Acting on Big Data in Real Time

Decision automation systems must follow through with the results of their analysis and actually transform them into profitable decisions. Today’s solutions learn to predict the best next action. Previously they have been operating on an if-then basis, and now artificial intelligence allows implementing a sophisticated self-learning mechanism.

An example of such advances is the inclusion of champion/challenger testing approach into a decisioning strategy. In this case, a decision automation application is supplied with different strategies, and selects the next best action based on how every strategy has performed in the past.
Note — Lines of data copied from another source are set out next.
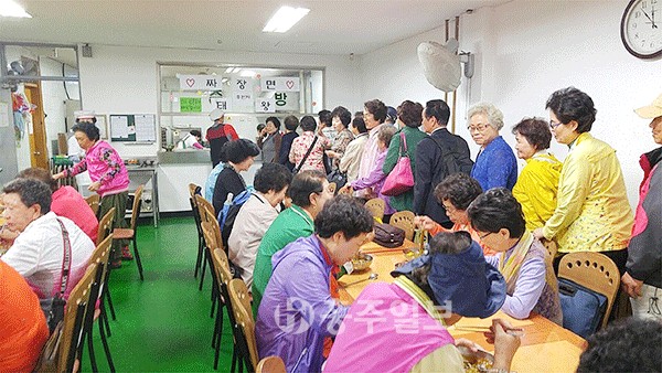 홍성군노인종합복지관(관장 동준스님)은 홍성읍에 위치한 태왕(사장 김덕문)의 후원을 받아 지난 10일 관내 경로 식당에서 복지관 이용 어르신 200명을 대상으로 짜장면을 대접했다. 이번 행사는 가정의 달 5월 어버이날을 맞아 지역 내 어르신들에게 효를 실천할 수 있는 마음으로 평소 어르신들이 좋아하는 짜장면을 제공했다. 특히 김덕문 사장은 오랜 경력으로 맛있는 짜장면을 만들어 정성을 다해 준비해 어르신들의 큰 호응을 얻었다.
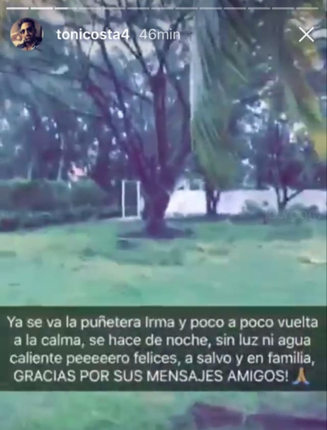 Adamari López y su esposo Toni Costa, también compartieron imágenes a través de Instagram Stories, de cómo quedó su casa por los destrozos de Irma, pero en todo momento demostraron que se encuentran más fuertes que nunca, y aunque su casa quedó afectada, esperan pronto reconstruir lo perdido.
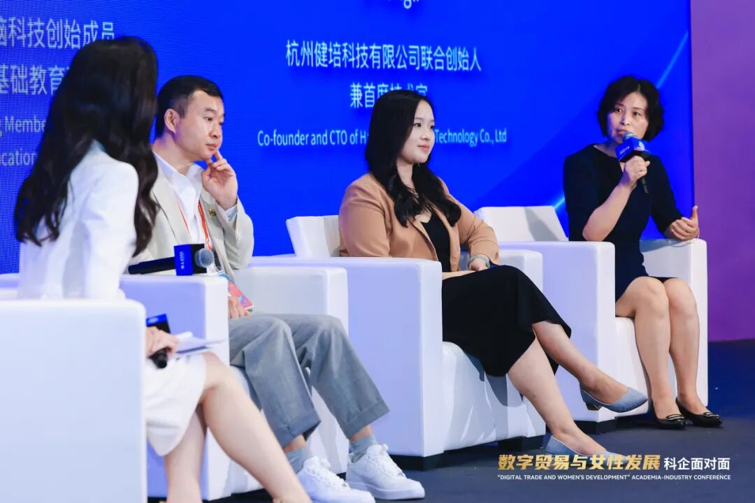 圓桌對(duì)話環(huán)節(jié),圍繞數(shù)字教育、人工智能與家庭服務(wù)、數(shù)字電商、數(shù)字+婦女組織四大板塊,開展了四場(chǎng)科企面對(duì)面對(duì)話交流。其中,人工智能與家庭服務(wù)板塊,對(duì)話聚焦AI在改善家庭生活與服務(wù)中的應(yīng)用前景,展現(xiàn)了AI在養(yǎng)老育幼、特殊兒童關(guān)懷中的科技溫度。西湖大學(xué)工學(xué)院機(jī)械工程講席教授、歐洲科學(xué)與藝術(shù)院院士歐洲科學(xué)院院士姜漢卿教授;全國(guó)三八紅旗手、全國(guó)杰出創(chuàng)業(yè)女性、全國(guó)巾幗建功標(biāo)兵、浙江省政協(xié)委員、杭州市婦聯(lián)執(zhí)委、杭州市女知識(shí)分子聯(lián)誼會(huì)會(huì)長(zhǎng)、健培科技聯(lián)合創(chuàng)始人季紅麗;BrainCo強(qiáng)腦科技創(chuàng)始成員、集團(tuán)副總裁、基礎(chǔ)教育研究院院長(zhǎng)張勝男進(jìn)行了對(duì)話交流。

Magic Formula: Insights-Comprehension-Action

We’d like to encourage you to use decision automation applications in a way, which can be encapsulated into the Insights-Comprehension-Action formula:

  • Insights: use decision automation systems that are embracing advanced analytics on every stage of decisioning process, and that can enhance existing facts with data from non-traditional sources;
  • Comprehension: ensure that all the insights are presented in a transparent way, and that user interfaces are tailored according to their business roles;
  • Action: make sure that the system follows through the end of decisioning process and transforms the knowledge into actions. Take advantage of the self-learning capabilities of your system, instead of simply following rigid algorithms.

We hope that these recommendations will help you set up an efficient and robust decisioning process. Please comment and share your thoughts on top challenges to be addressed by decision automation systems in 2018. May all your decisions be fruitful, and may your New Year be filled with peace, joy and harmony!